Directions ▸ Read the records beneath this task and copy every line that contains the string "color".

Record set ▸
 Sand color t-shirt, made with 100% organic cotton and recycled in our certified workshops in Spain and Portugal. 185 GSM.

...

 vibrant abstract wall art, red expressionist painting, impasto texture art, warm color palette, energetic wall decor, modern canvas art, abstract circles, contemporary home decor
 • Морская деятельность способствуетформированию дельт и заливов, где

Result below ▸
 Sand color t-shirt, made with 100% organic cotton and recycled in our certified workshops in Spain and Portugal. 185 GSM.
 vibrant abstract wall art, red expressionist painting, impasto texture art, warm color palette, energetic wall decor, modern canvas art, abstract circles, contemporary home decor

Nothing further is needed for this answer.